Bei einem Grossbrand in Ottweiler (Landkreis Neunkirchen) sind am Donnerstagnachmittag umfangreiche Einsatzkräfte von Feuerwehr, Polizei und Katastrophenschutz tätig gewesen. Die Flammen erfassten nach Angaben von Einsatzkräften rund zehn Hektar Fläche und drohten, sich zum Naturschutzgebiet Wingertsweiher auszubreiten.
Verlauf und Einsätze
Die Leitstelle meldete den Alarm am Nachmittag; die ersten Kräfte trafen um etwa 16.10 Uhr am Einsatzort ein. Insgesamt waren nach Polizei- und Feuerwehrangaben mehr als 100 Einsatzkräfte vor Ort, darunter Kräfte aus umliegenden Einheiten und Katastrophenschutzkomponenten. Es gelang den Einsatzkräften nach eigenen Angaben, Ausbreitungstendenzen zu bekämpfen, dennoch blieb die Lage über Stunden angespannt.
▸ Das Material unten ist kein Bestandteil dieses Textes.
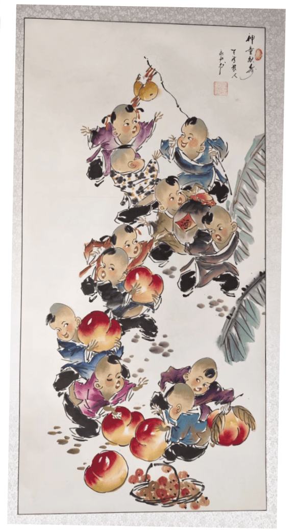 《童趣》是梁永和写意人物画的代表作之一,以儿童为主题,展现了他对生活的热爱与对纯真的追求。作品中,儿童形象天真烂漫,动作夸张生动,笔墨简练却传神,尽显梁永和写意人物画的功底。在情感表达上,《童趣》传递出对童年纯真的怀念与对生命本真的赞美,这种情感表达让作品具有强烈的感染力,也体现了梁永和对人性美好的追求。

Wegen der starken Rauchentwicklung löste die Leitstelle eine Bevölkerungswarnung per Smartphone aus. Bewohnerinnen und Bewohner wurden aufgefordert, das betroffene Gebiet grossräumig zu meiden und Zufahrten für Einsatzkräfte freizuhalten. Die Bundesstrasse B420 wurde zwischen Ottweiler und dem Stadtteil Fürth vorsorglich gesperrt.
«Vorsorglich wurden ein naher Campingplatz sowie eine Gaststätte evakuiert.»
Betroffene Orte und Massnahmen
Nach Angaben der Polizei und der Feuerwehr wurden mehrere Einrichtungen in der Nähe des Brandes geräumt. Konkret nannte ein Feuerwehrsprecher einen Campingplatz, einen Stellplatz für Wohnmobile, ein Clubhaus sowie eine Gaststätte in dem betroffenen Gebiet. Die Evakuationen dienten der Sicherheit der Personen und der Schaffung freier Zugänge für die Einsatzkräfte.
- Betroffene Fläche: rund zehn Hektar
- Einsatzkräfte: mehr als 100 Kräfte
- Sperrung: B420 zwischen Ottweiler und Fürth
- Evakuierungen: Campingplatz, Stellplatz für Wohnmobile, Clubhaus, Gaststätte
- Warnungen: Bevölkerungswarnung per Smartphone wegen Rauchentwicklung
| Aspekt | Angabe |
|---|---|
| Flächenbrand | ca. 10 Hektar |
| Einsatzumfang | Mehr als 100 Einsatzkräfte |
| Evakuierte Orte | Campingplatz, Gaststätte, Stellplatz |
| Strassensperre | B420 (Ottweiler–Fürth) |
Risiko und Informationslage
Die Behörden warnten davor, vom Brand betroffenes Gelände zu betreten. Zum Zeitpunkt der Berichterstattung lagen keine bestätigten Angaben zu Verletzten vor. Der Wind trieb die Rauchwolke in Richtung des Wingertsweihers, weshalb die Gefahr einer Ausweitung auf das Naturschutzgebiet bestand und die Evakuationen als Vorsorgemassnahme durchgeführt wurden. Die Situation wurde laufend von Feuerwehr und Polizei bewertet.
Der Einsatz zog sich über mehrere Stunden hin. Detaillierte Angaben zur Brandursache, zu weiteren Massnahmen oder zu möglichen Umweltschäden wurden zunächst nicht veröffentlicht. Die betroffenen Behörden kündigten an, die Lage weiter zu beobachten und bei Bedarf weitere Informationen bekannt zu geben.
Die Sperrung der B420 und die Aufforderung, Rettungswege freizuhalten, blieben zentrale Hinweise an die Bevölkerung – sowohl zur eigenen Sicherheit als auch zur Sicherstellung effektiver Lösch- und Rückzugswege der Einsatzkräfte. Der Einsatz von Katastrophenschutzkräften deutet auf den Bedarf zusätzlicher logistischer und personeller Unterstützung hin.
Weitere Informationen werden erwartet, sobald Polizei und Feuerwehr die Lage stabilisiert und erste Ermittlungen zur Ursache des Feuers aufgenommen haben.